What you are asked to do –
The answer must be the lines from the one that holds "Zum ersten Mal" through the final line of the data, copied exactly, with no pictures.

#### Input material ####

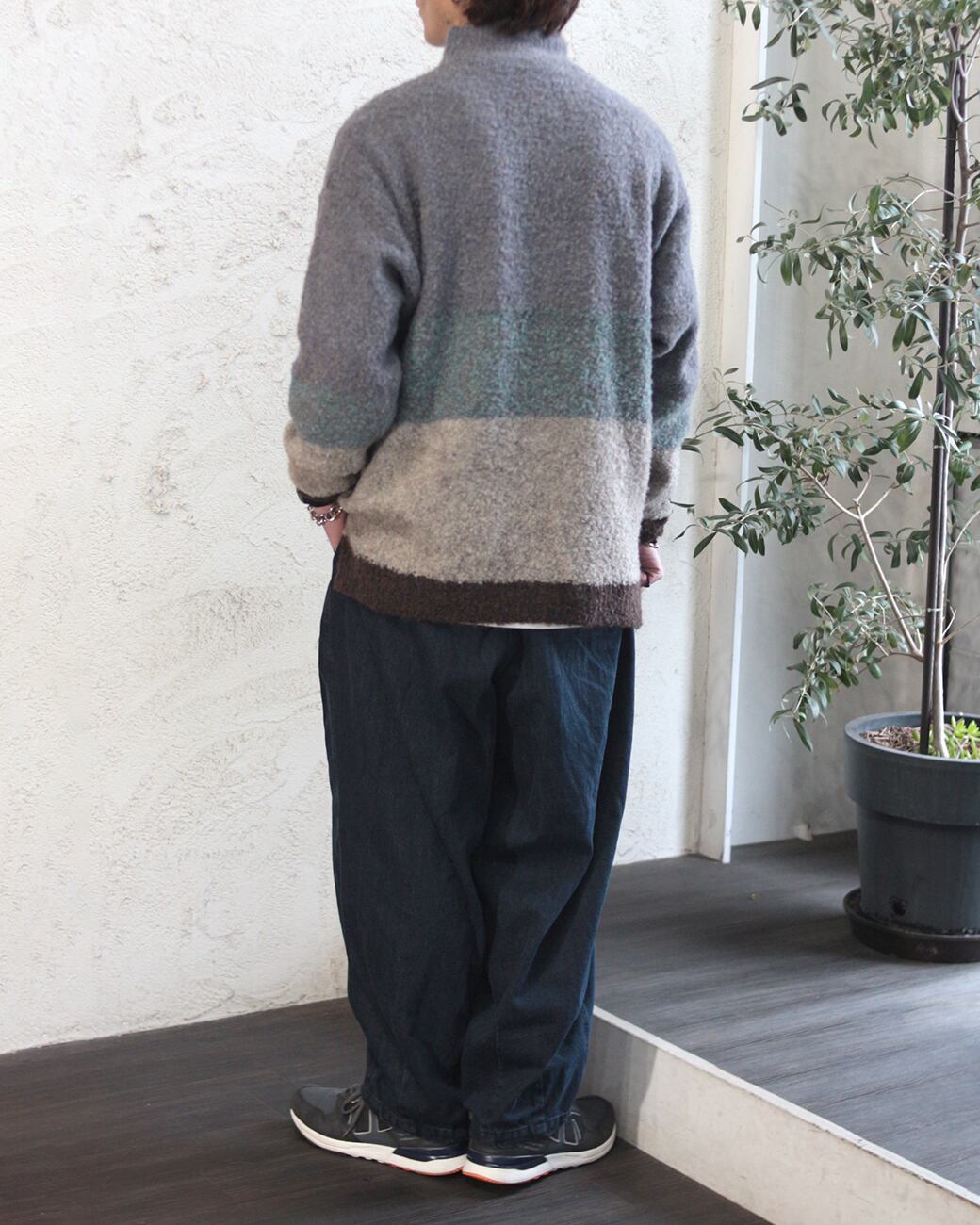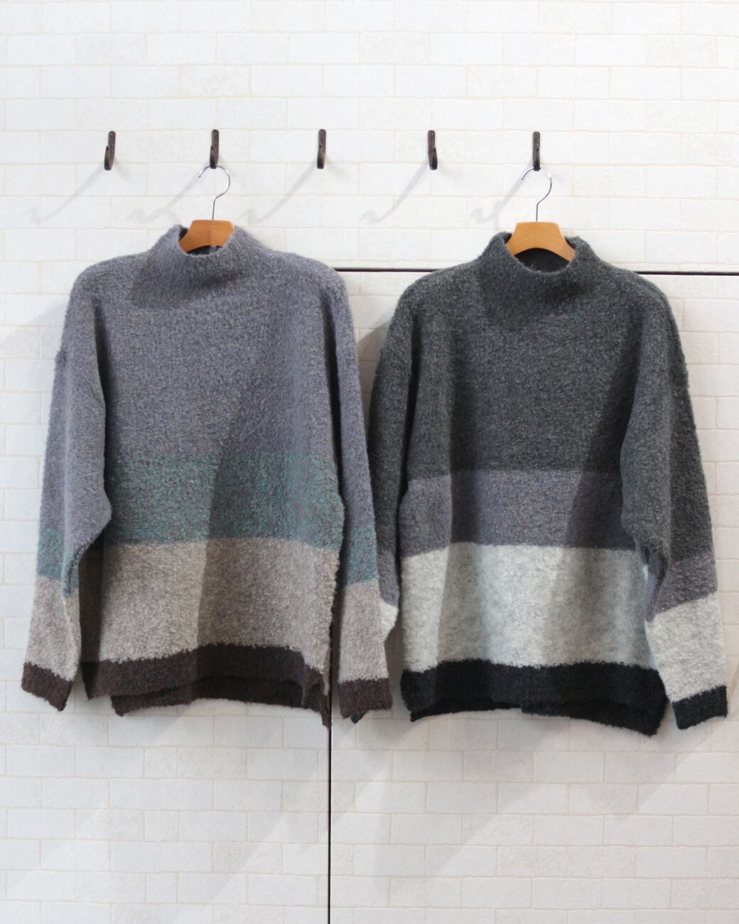 【ループヤーン ハイネックボーダーニット】
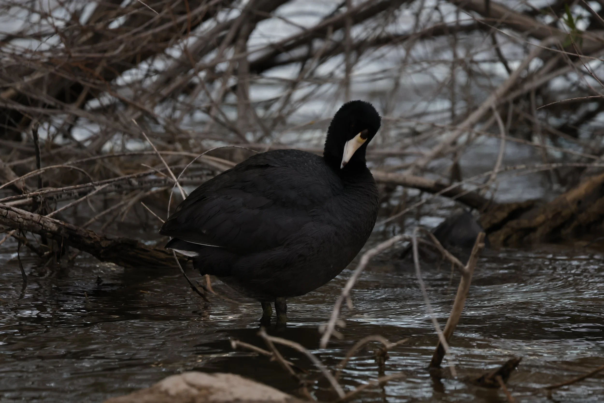 I think this is called an American Coot! Really hard to photograph without it turning into a black blob, almost its entire body is pure black.
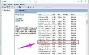 6、服务里边都是有关电脑正常运行的本地服务,在里边找到“DHCP Client”这项服务。
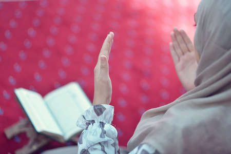rear view of muslim women hand praying on ramadan
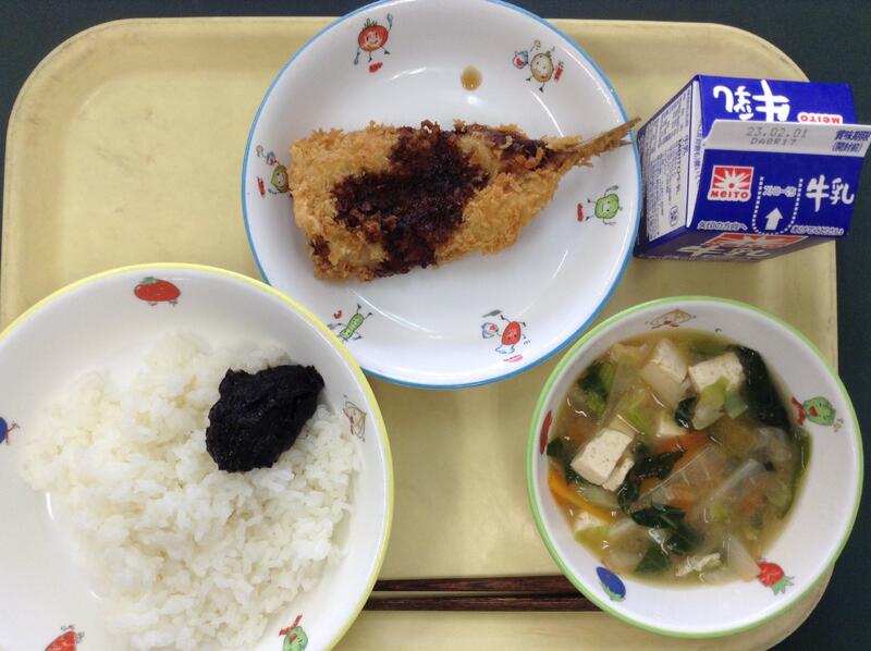 五色ごはん 擬製豆腐 栄養味噌汁 りんご
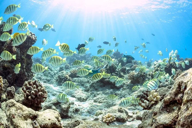 I hesitated before jumping in (cold shock gets me every time), but once you’re under? It’s like floating through an aquarium that forgot it had walls. Coral everywhere: purples and yellows I didn’t know existed outside cartoons. Fish darting past my mask — one bright yellow guy kept following me around like he thought I had snacks. Keahi swam by to check on everyone; he gave my partner a thumbs-up when she finally got her snorkel sorted out. There were sea boards with clear bottoms for anyone nervous about swimming — honestly wish I’d tried one just for fun.
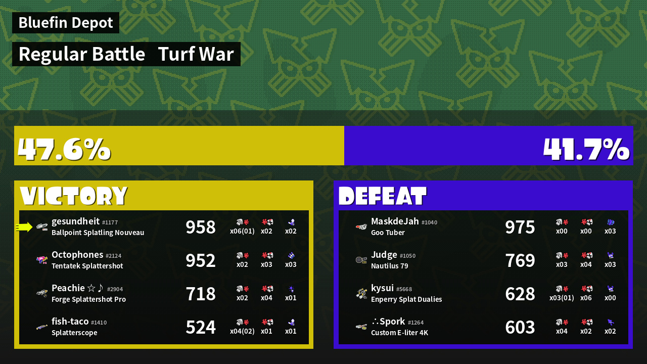 Kills / Deaths | 5 + 1 / 2 > Kill Ratio: 2.50 | ||
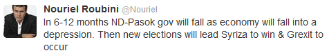 “Η κυβέρνηση Νέας Δημοκρατίας – ΠΑΣΟΚ θα αποτύχει καθώς η οικονομία θα βυθιστεί στην ύφεση” έγραψε στον προσωπικό του λογαριασμό στο Twitter, αμέσως μετά την ανακοίνωση των exit polls, ο γνωστός οικονομολόγος Νουριέλ Ρουμπινί.Εκτίμησε παράλληλα ότι “η Ελλάθα θα προχωρήσει εκ νέου σε εκλογές στις οποίες θα επικρατήσει ο ΣΥΡΙΖΑ με αποτέλεσμα η χώρα να βγει από την Ευρωζώνη”.ΔΕΙΤΕ ΤΙ ΕΓΡΑΨΕ
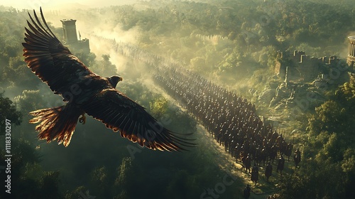 eagle, bird, soaring, flight, wing, army, soldier, marching, forest, tree, ancient, battlefield, war, conflict, historical, landscape, vista, view, aerial, perspective, mythology, legend, power, strength, thews, majestic, ruin, castle, structure, road, path, dust, sun, light, morning, mist, fog, shadow, green, brown, gold, colours, image, artwork, illustration, digital, painting
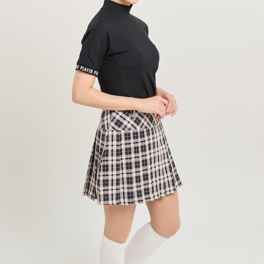 腰位置を高く見せるハイウエストデザインで、脚長効果抜群のゴルフスカート。
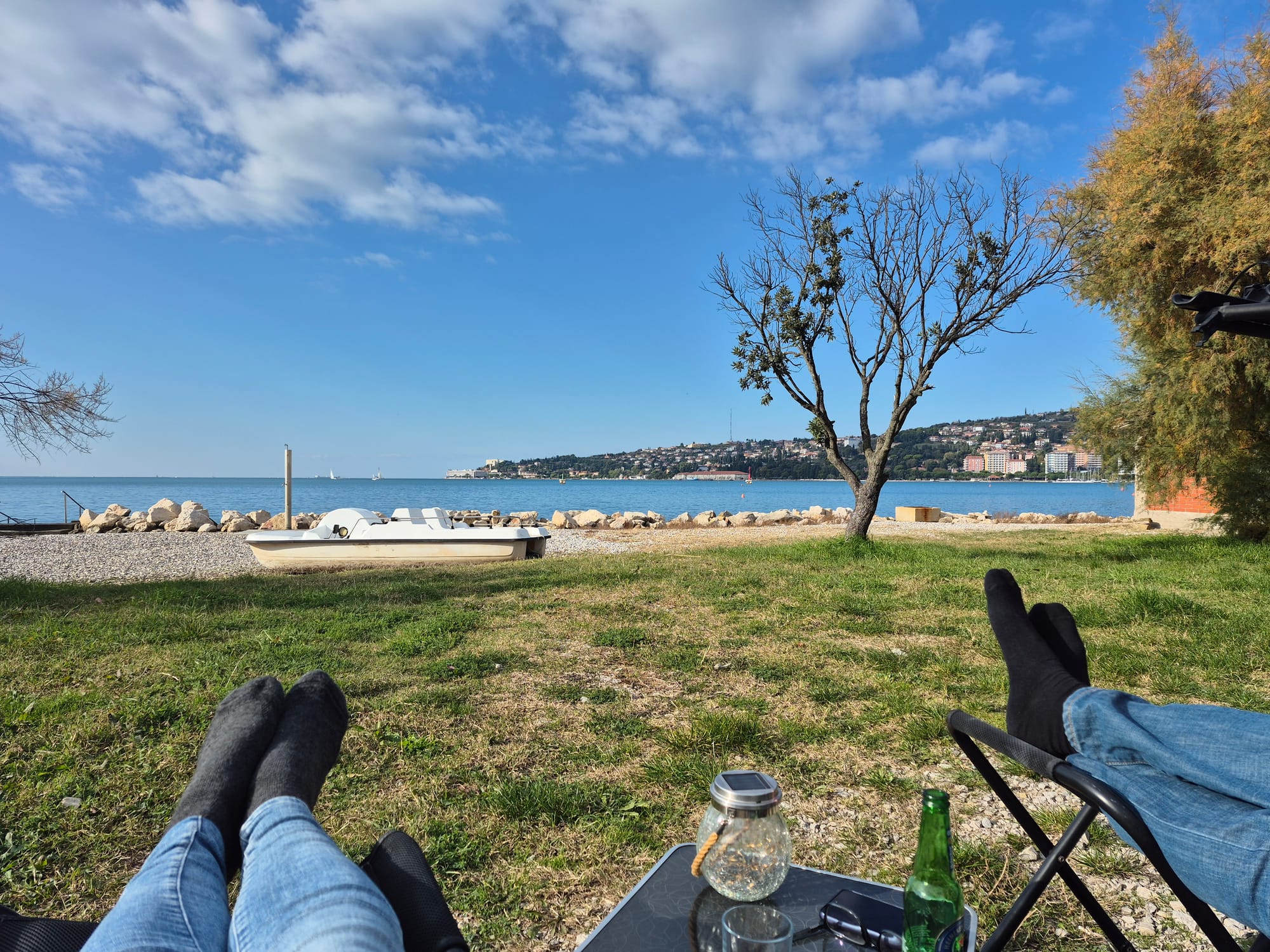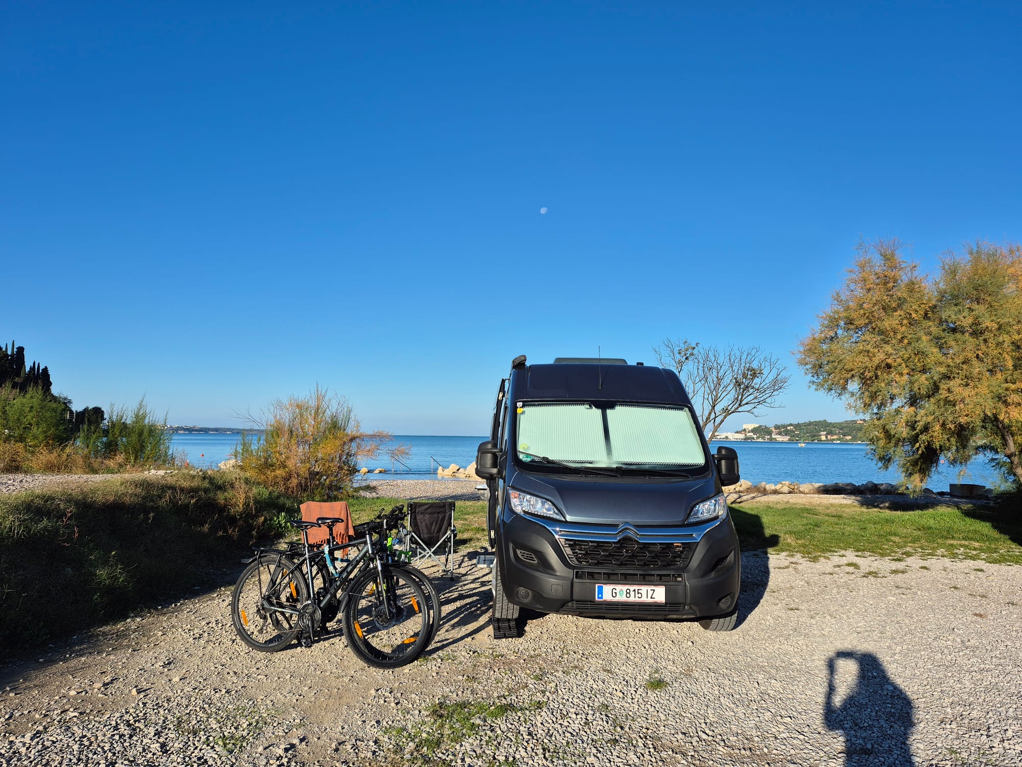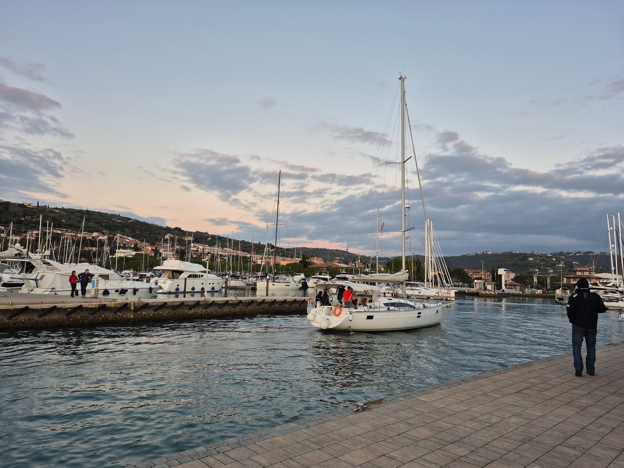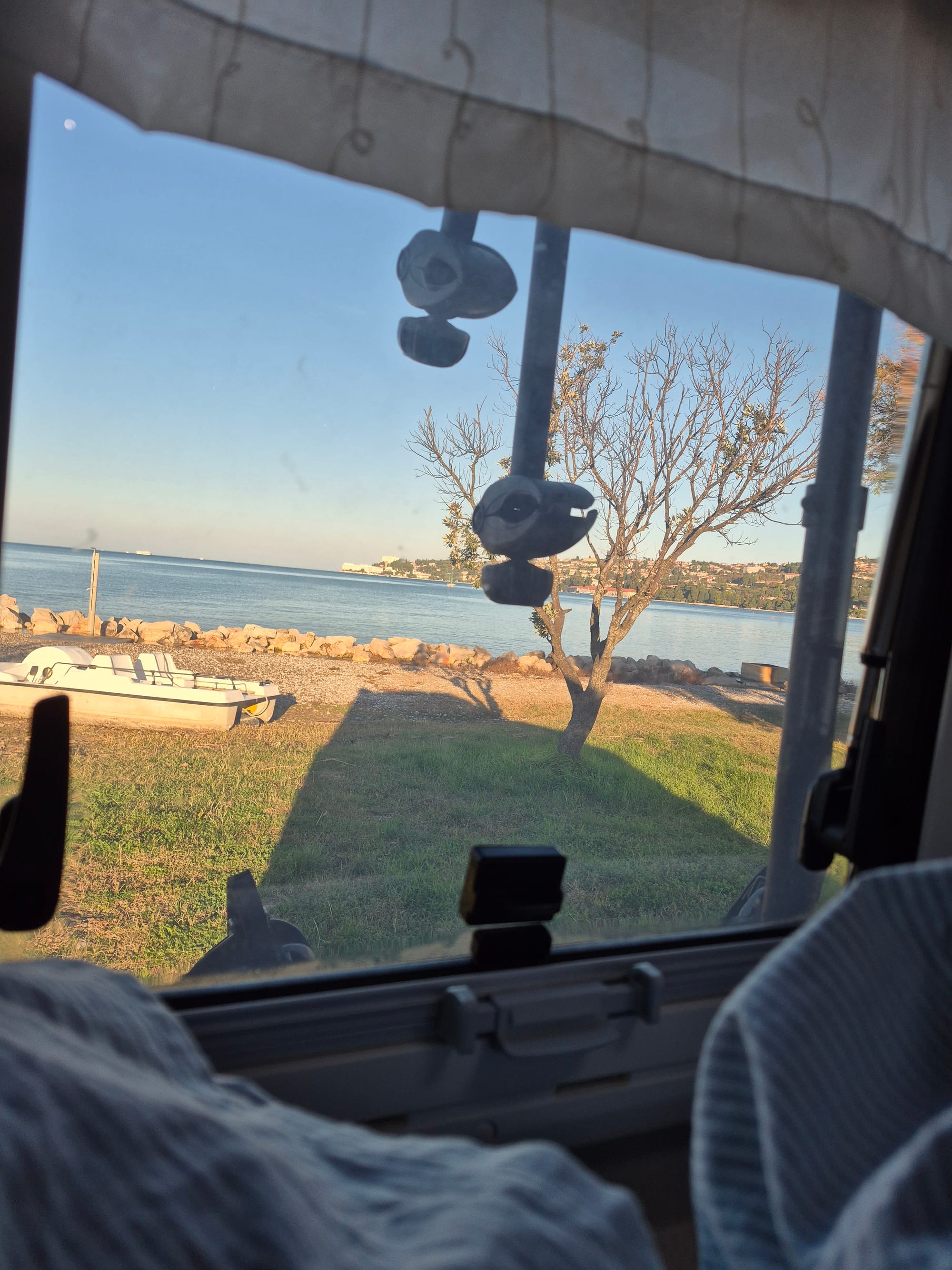 Zum ersten Mal stehen wir mit dem Heck zum Meer und das ist genial, sowohl für den Blick auf Piran beim Aufwachen...
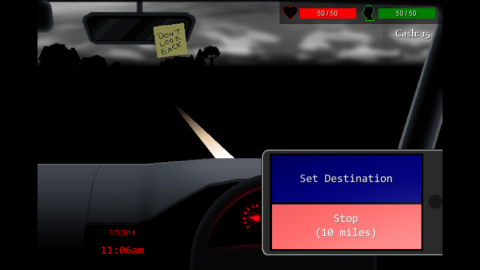 This and the ubiquitous countdown are just a few of the ways time management becomes the most important aspect of the game. When driving from town to town, a large variety of random encounters will happen, which can also result in a change of location or even more wasted time, depending on your choices. They’re used to great effect, as they’re intriguing and feel worthy of pursuit in the early game. As the clock ticks down, however, it will be common to choose the “shrug and drive on” option while openly allowing innocent people to be taken by the game’s oncoming monsters. There’s no penalty for doing this, so it’s up to the player to weigh the potential rewards of getting out of the car rather than trying to reach their destination in time.
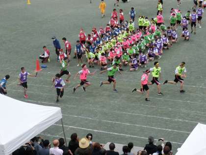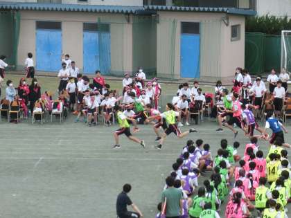 午前の部の最後は3年の全員リレーです。3年生にとっては最後の運動会。全員でバトンをつなぎます。

####

Solved problem –
 Zum ersten Mal stehen wir mit dem Heck zum Meer und das ist genial, sowohl für den Blick auf Piran beim Aufwachen...
 This and the ubiquitous countdown are just a few of the ways time management becomes the most important aspect of the game. When driving from town to town, a large variety of random encounters will happen, which can also result in a change of location or even more wasted time, depending on your choices. They’re used to great effect, as they’re intriguing and feel worthy of pursuit in the early game. As the clock ticks down, however, it will be common to choose the “shrug and drive on” option while openly allowing innocent people to be taken by the game’s oncoming monsters. There’s no penalty for doing this, so it’s up to the player to weigh the potential rewards of getting out of the car rather than trying to reach their destination in time.
 午前の部の最後は3年の全員リレーです。3年生にとっては最後の運動会。全員でバトンをつなぎます。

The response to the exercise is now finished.